Mirza Muhammad Azam Shah celebrating Holi
Lucknow, circa 1780

Calligraphic panel signed by Hafiz Nurullah verso.

Opaque watercolor and gold on paper; the ruler embraces a courtesan in the center of celebrations surrounded by other members of the zenana and female musicians. Each figure is attired in sumptuous textiles and adorned with elaborate jewelry befitting their stature within the court. The ground is saturated with vermillion colored powder and colored water.

The inscription in the golden cartouche above the painting reads taswir-i A'zam Shah dar majlis-i Holi (picture of A'zam Shah at a Holi celebration)

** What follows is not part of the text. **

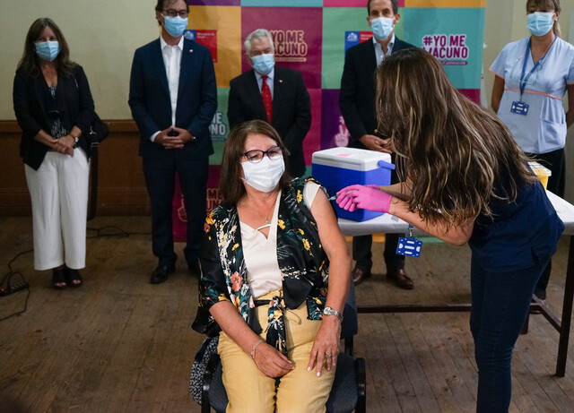 La profesora de la Escuela República de Alemania, Gloria Alfaro Segovia, fue la primera en inocularse, expresando que “se abre una luz de esperanza para nosotros, para que volvamos a encontrarnos en un tiempo adecuado con nuestros niños”.

A number of other pages from a 'Lucknow Album', formerly in the collection of Sir Thomas Phillipps bt. (1792-1872), believed to have been compiled in 1785, also bear four line nastaliq inscriptions by Hafiz Nurullah on the reverse. Compare with another page in the National Gallery of Art, Canberra (NGA 91.1398) that also a bears a typed label adhered to the lower edge. The present page is very closely related to a a scene 'Celebrating with Fireworks' in the San Diego Museum of Art, 1990:374. The faces of the female figures are almost identical and their body proportions along with the treatment of their clothing, may even suggest that both pages ares from the same atelier. It would seem likely that the artists responsible for these two pages were among the group that followed the exodus from Delhi to Oudh (Lucknow) around 1775.

Hafiz Narulla was a scribe working at the court of Asaf al-Dawla (1189-1212/1775-97) of Oudh (Awadh) in Lucknow, see Dihlavi, The Tadhkira-I-Khushnavisan,1910, pp. 64-5).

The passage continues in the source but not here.